If $x=e^{x / y}$, then prove that $\frac{d y}{d x}=\frac{x-y}{x \log x}$.
$$\begin{aligned} &\text { We have, }\\ &\begin{aligned} x & =\mathrm{e}^{x / y} \\ \therefore\quad \frac{d}{d x} x & =\frac{d}{d x} e^{x / y} \end{aligned} \end{aligned}$$
$$\begin{array}{ll} \Rightarrow & 1=e^{x / y} \cdot \frac{d}{d x}(x / y) \\ \Rightarrow & 1=e^{x / y} \cdot\left[\frac{y \cdot 1-x \cdot d y / d x}{y^2}\right] \\ \Rightarrow & y^2=y \cdot e^{x / y}-x \cdot \frac{d y}{d x} \cdot e^{x / y} \end{array}$$
$$\begin{aligned} \Rightarrow \quad x \cdot \frac{d y}{d x} \cdot e^{x / y} & =y e^{x / y}-y^2 \\ \therefore \quad \frac{d y}{d x} & =\frac{y\left(e^{x / y}-y\right)}{x \cdot e^{x / y}} \\ & =\frac{\left(e^{x / y}-y\right)}{e^{x / y} \cdot \frac{x}{y}} \quad \left[\because x=\mathrm{e}^{x / y} \Rightarrow \log x=\frac{x}{y}\right]\\ & =\frac{x-y}{x \cdot \log x}\quad\text{Hence proved.} \end{aligned}$$
If $y^x=e^{y-x}$, then prove that $\frac{d y}{d x}=\frac{(1+\log y)^2}{\log y}$.

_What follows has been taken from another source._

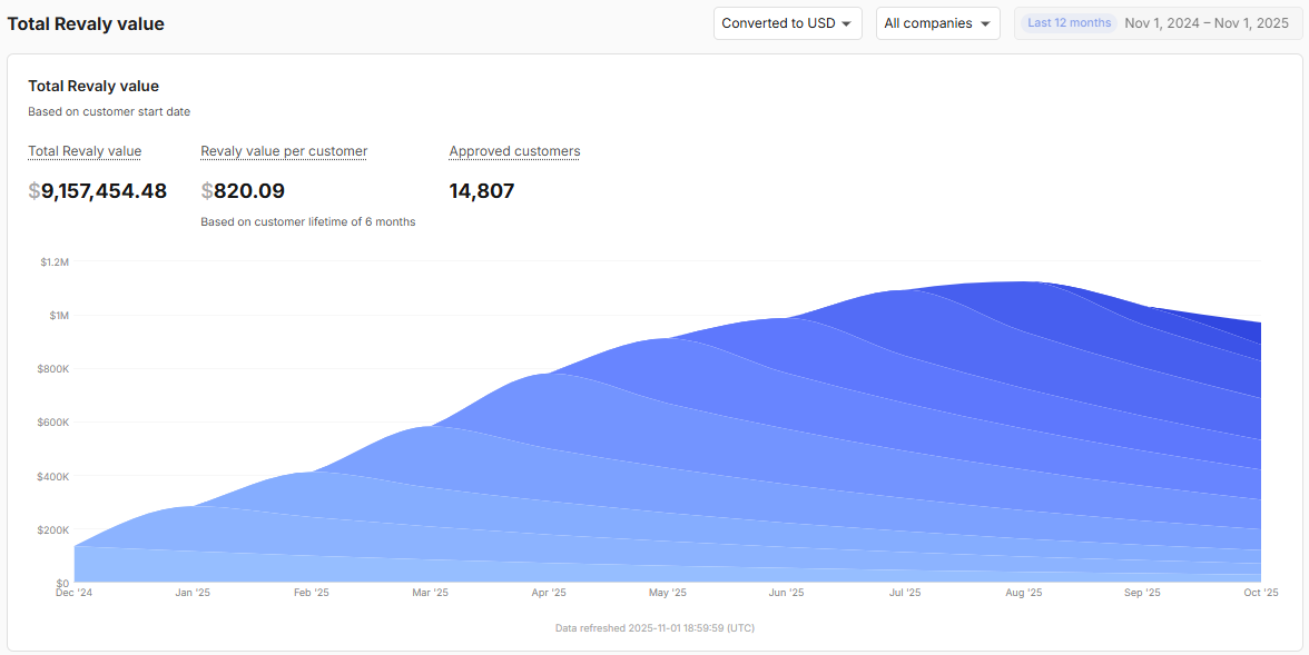 The area chart at the top of the page mirrors the one shown in the dashboard, displaying the estimated revenue contribution of approved customers over time.

$$\begin{aligned} &\begin{aligned} \text { We have, }\quad y^x & =\mathrm{e}^{y-x} \\ \Rightarrow\quad \log y^x & =\log e^{y-x} \\ \Rightarrow\quad x \log y & =y-x \cdot \log _e=(y-x) \quad \left[\because \log _e=1\right]\\ \Rightarrow\quad \log y & =\frac{(y-x)}{x}\quad\text{.... (i)} \end{aligned} \end{aligned}$$
Now, differentiating w.r.t. $x$, we get
$$\frac{d}{d y} \log y \cdot \frac{d y}{d x}=\frac{d}{d x} \frac{(y-x)}{x}$$
$$\begin{array}{ll} \Rightarrow & \frac{1}{y} \cdot \frac{d y}{d x}=\frac{x \cdot \frac{d}{d x}(y-x)-(y-x) \cdot \frac{d}{d x} \cdot x}{x^2} \\ \Rightarrow & \frac{1}{y} \frac{d y}{d x}=\frac{x\left(\frac{d y}{d x}-1\right)-(y-x)}{x^2} \end{array}$$
$$ \begin{array}{llrl} \Rightarrow & \frac{x^2}{y} \cdot \frac{d y}{d x} =x \frac{d y}{d x}-x-y+x \\ \Rightarrow & \frac{d y}{d x}\left(\frac{x^2}{y}-x\right) =-y \end{array}$$
$\therefore \quad \frac{d y}{d x}=\frac{-y^2}{x^2-x y}=\frac{-y^2}{x(x-y)}$
$$\begin{aligned} &\begin{aligned} & =\frac{y^2}{x(y-x)} \cdot \frac{x}{x}=\frac{y^2}{x^2} \cdot \frac{1}{\frac{(y-x)}{x}} \\ & =\frac{(1+\log y)^2}{\log y}\left[\because \log y=\frac{y-x}{x} \log y=\frac{y}{x}-1 \Rightarrow 1+\log y=\frac{y}{x}\right] \end{aligned}\\ &\text { Hence proved. } \end{aligned}$$
If $y=(\cos x)^{(\cos x)^{\left.(\cos x)^{-\infty}\right)}}$, then show that $\frac{d y}{d x}=\frac{y^2 \tan x}{y \log \cos x-1}$.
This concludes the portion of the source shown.